The UAE – Indonesia CEPA

The UAE – Indonesia Comprehensive Economic Partnership Agreement (CEPA), the bilateral free trade agreement was signed with the aim to increase trade and investment between the two countries. The Agreement was signed in the presence of Joko Widodo, President of Indonesia and His Highness Sheikh Mohamed bin Zayed Al Nahyan, President of the UAE in July 2022.

According to the UAE Minister of State for Foreign Trade HE Dr. Thani bin Ahmed Al Zeyoudi, the trade pact would create 55,000 highly skilled jobs in the UAE and add about $4.6 billion to the GDP as the exports are estimated to increase by $3.2 billion and the imports by $2.6 billion by 2030.

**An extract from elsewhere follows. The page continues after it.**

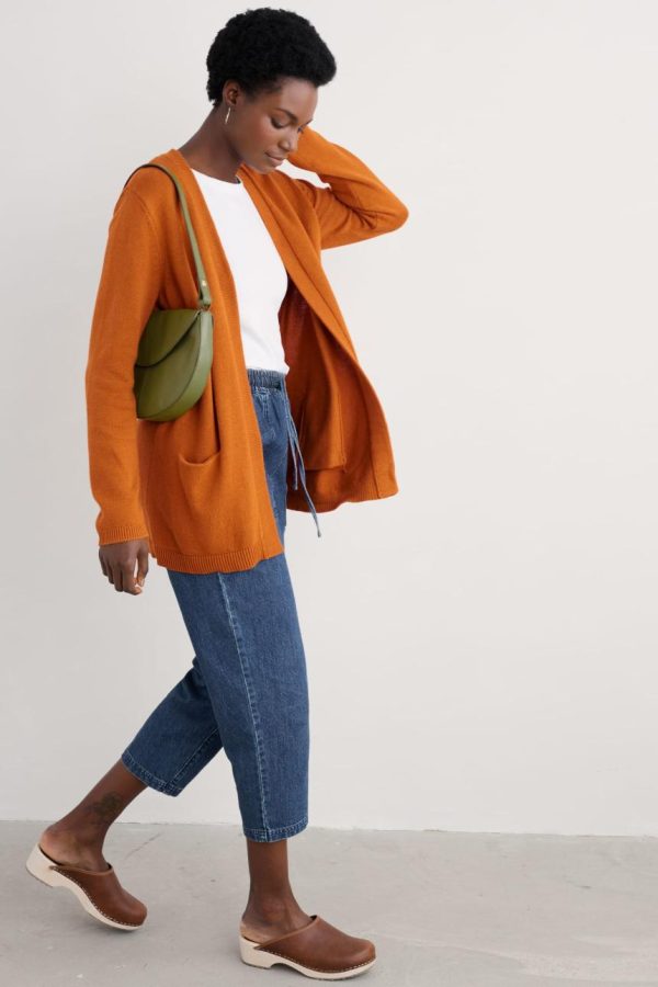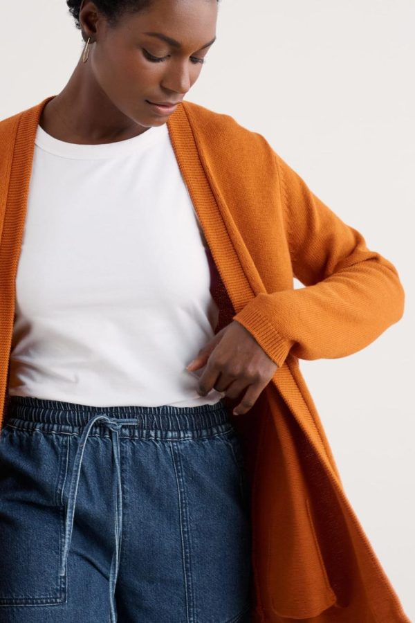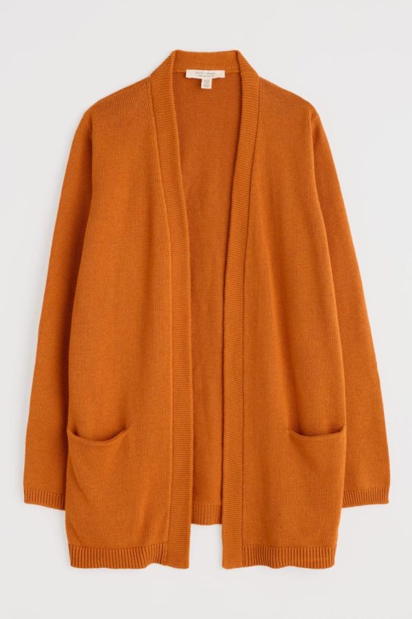 Everyone needs a long cardigan with handy pockets to layer over tapered trousers or one of our pretty printed dresses. We love the soft texture our knitted cotton, and the garter stitches and ribbed details, of our Riverboat Cardigan.

Under the UAE – Indonesia CEPA, both countries will eliminate or reduce tariffs on a wide range of goods and services. This will make it easier and economical for businesses in both countries to trade with each other. Under the far-reaching trade deal, over 80 percent of UAE exports will gain immediate duty-free access to Indonesia. The agreement also includes provisions for the protection of intellectual property rights, the promotion of e-commerce, and the facilitation of investment.

The UAE and Indonesia are both important economies in their respective regions and the CEPA is expected to strengthen their economic ties. The agreement is also significant as it is the first trade agreement between the UAE and a Southeast Asian country.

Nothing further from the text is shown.